IAD: What Is Incontinence-Associated Dermatitis?

dermatite associata all'incontinenza

Incontinence-associated dermatitis (IAD) is a form of skin inflammation and moisture-associated skin damage resulting from contact with urine and feces. This condition, referred to as IAD, causes symptoms such as irritation, redness, inflammation, burning, itching, and pain.

What is IAD?

IAD is a very uncomfortable and painful condition that compromises comfort and quality of life. If left untreated, it can lead to disabling secondary infections. IAD is the most common form of moisture-associated skin damage (MASD) and is characterized by erythema and edema of the skin surface. It often presents with inflammation, erosion, or denudation in the context of fecal or urinary incontinence.

Dermatitis associated with incontinence mostly affects the elderly and specifically impacts about 25% of patients in intensive care, 7% of those in long-term care units, and 3.4% of residents in nursing homes.

The Causes

Excessive hydration and the consequent increase in moisture of the stratum corneum impair the integrity of the epidermal layer of the skin. As a result, inflammation occurs due to the irritants in urine and feces penetrating this layer.

The risk of IAD is increased by the frequency of incontinence, along with the following factors:

  • Previous scarring or history of pressure injuries
  • Pre-existing comorbidities
  • Immobility or impaired mobility
  • Medications
  • Nutritional status
  • Inability to independently perform activities of daily
  • living, such as cleaning the skin
  • Level of cognitive functioning
  • General skin condition
  • Frictional skin injury

However, preventing the discomfort and pain of IAD is possible.

Prevention

The most effective way to prevent the worsening of IAD is to eliminate or reduce episodes of incontinence. This approach removes the primary factors—moisture, skin irritants, and friction—that contribute to skin lesions.

Methods to prevent IAD include:

  • Using breathable incontinence aids
  • Following a structured program for incontinence management
  • Hygiene with products that do not require water and rinsing
  • Checking the skin for redness, inflammation, rash, pain, or itching
  • Avoiding rubbing the skin around the perineum
  • Choosing products with a neutral pH (± 5.0)

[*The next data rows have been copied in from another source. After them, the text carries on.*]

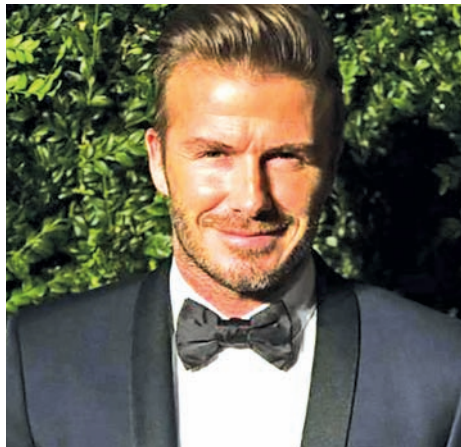
Former British soccer player David Beckham smiles at the Evening Standard Theatre awards in London on 30 Nov, 2014.

"Miami is still David's number one choice and it will happen. The fans and the people of Miami are behind us and we hope to announce some positive and exciting news soon." — Reuters
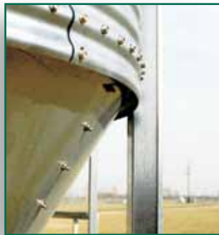
Drip edge directs moisture away from the taper hopper.
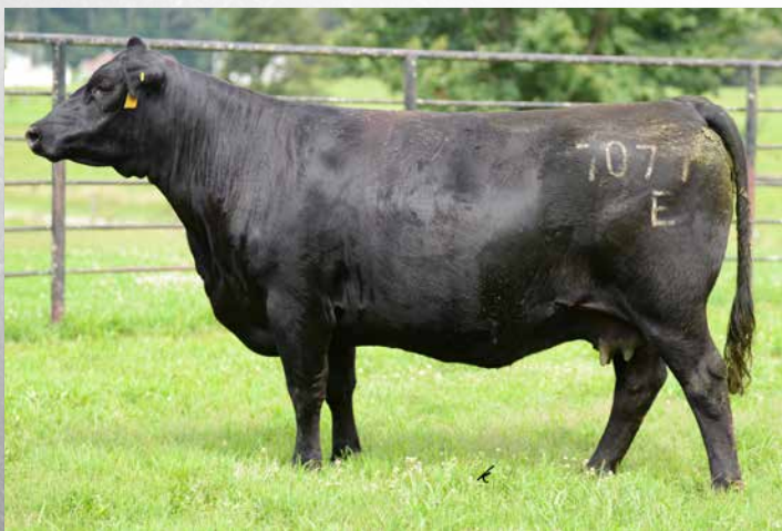
GIBBS 0700H LOUISE 7077E Dam of Lot 1.
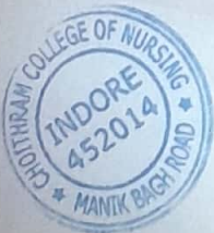
Principal Choithram College of Nursing Manik Bagh Road, Indore-452014 (M.P.) India

Our college holds permanent affiliation with DAVV, subsequently transitioning to Madhya Pradesh Medical Science University, Jabalpur.
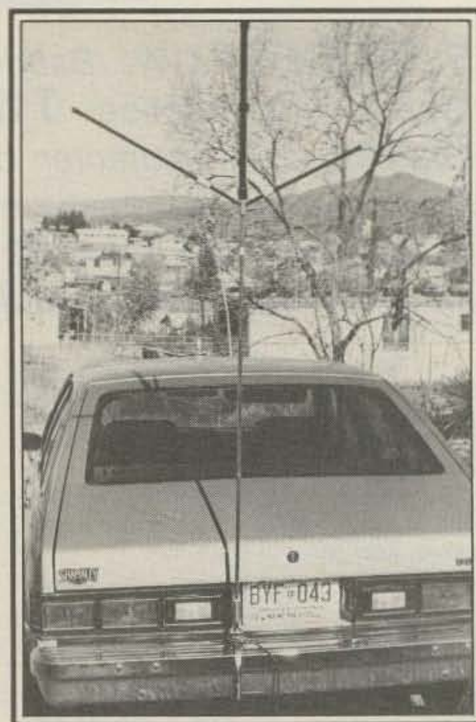
The Spider Antenna is shown in two installations. On the left it is mounted on the rear of the author's RV, and on the right it is bumper-mounted to his car.

band, 1.7 to 1 across 15, and 1.5 to 1 for 500 to 600 kHz on 10. On 40, the antenna was less than 2 to 1 across 100 kHz. In all cases we had a match of 1 to 1 at the desired frequency. However, the beauty of the antenna is that you can get out of the car and make a slight adjustment of the resonator sleeve to any premarked setting for a perfect 1 to 1 match. As mounted on our RV, the tuning was much sharper because of the proximity of the trailer body to the resonators. But again, it worked. We plan on mounting the antenna on the roof of the trailer when parked, and then we'll have the excellent ground of the trailer roof. It will be easy to mount the
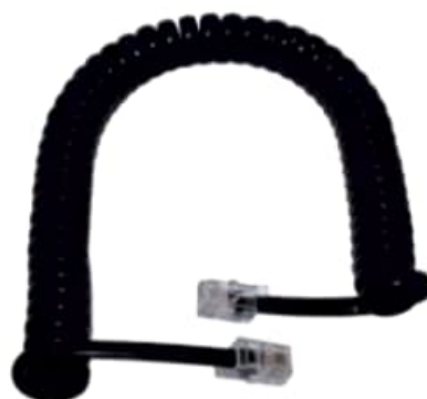
COIL CORD LANDLINE TELEPHONE WIRE
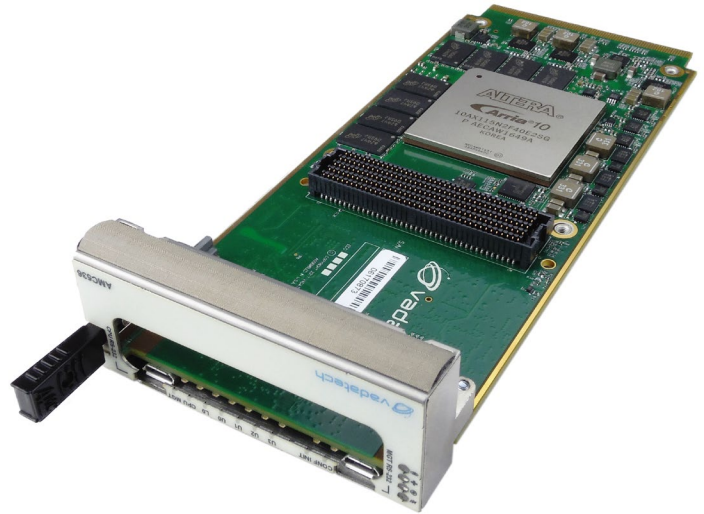
Figure 1: AMC536

See Intel FPGA Solutions for the advantages of using VadaTech products during application development.
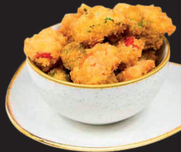
Panko Vegetable Tempura
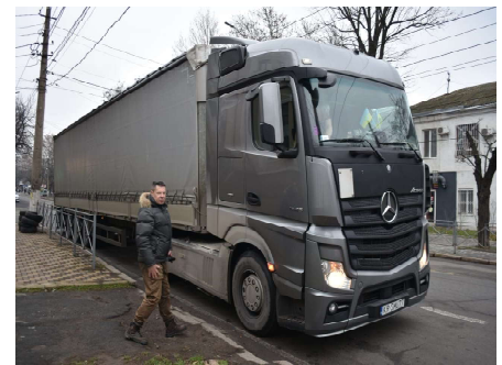
Truck delivering food in Mykolaiv
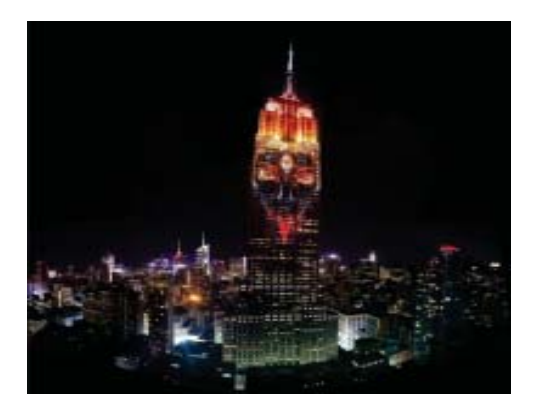
Fig. 4 Empire State Bldg. w/Kali
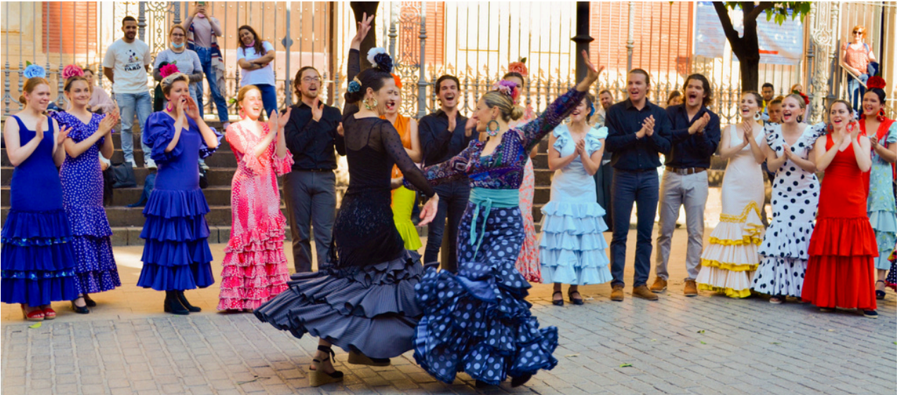
Immersive Spanish language program in Sevilla , Spain
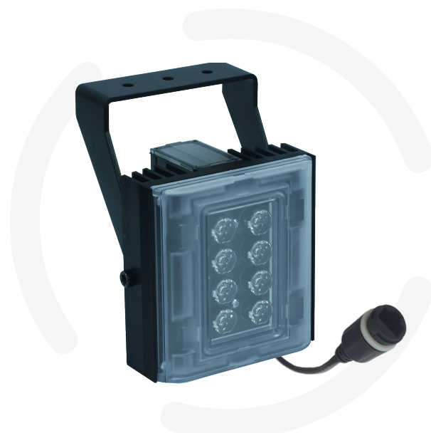
Interchangeable Diffuser Lens

In general, it is good to follow the three main steps to prevent and treat irritation:

  • Waterless Cleansing: Use wipes, foam, or soapy gloves without rinsing.
  • Hydration: Use lotions, oils, or barrier creams.
  • Protection: Use creams and sprays containing zinc.

Diagnosis and Classification

IAD is classified according to severity: category 1 (mild) if the skin has redness but is intact; category 2 (moderate-severe) if redness is accompanied by skin damage.

The diagnosis of incontinence-associated dermatitis is based on two factors:

  • Medical History of the Patient: information is collected on urinary and fecal incontinence, routine and use of absorbent devices such as diapers
  • Observation and Inspection of the Skin: Patients with incontinence should be evaluated at least once a day. The areas exposed to feces and urine should be closely monitored.

Living with IAD

The treatment of dermatitis associated with incontinence involves the use of products with specific characteristics. The most appropriate ingredients for this category are:

  • Allantoin: Stimulates the skin’s self-healing
  • Glycerin: Acts as a moisturizer
  • Zinc oxide: Has antiseptic properties and creates a protective barrier
  • Dimethicone: Silicone oil that creates a barrier

The application of the products must take place with some precautions, such as the use of pre-soaked gloves that avoid rinsing with water, creams and sprays applied gently and without friction on the skin.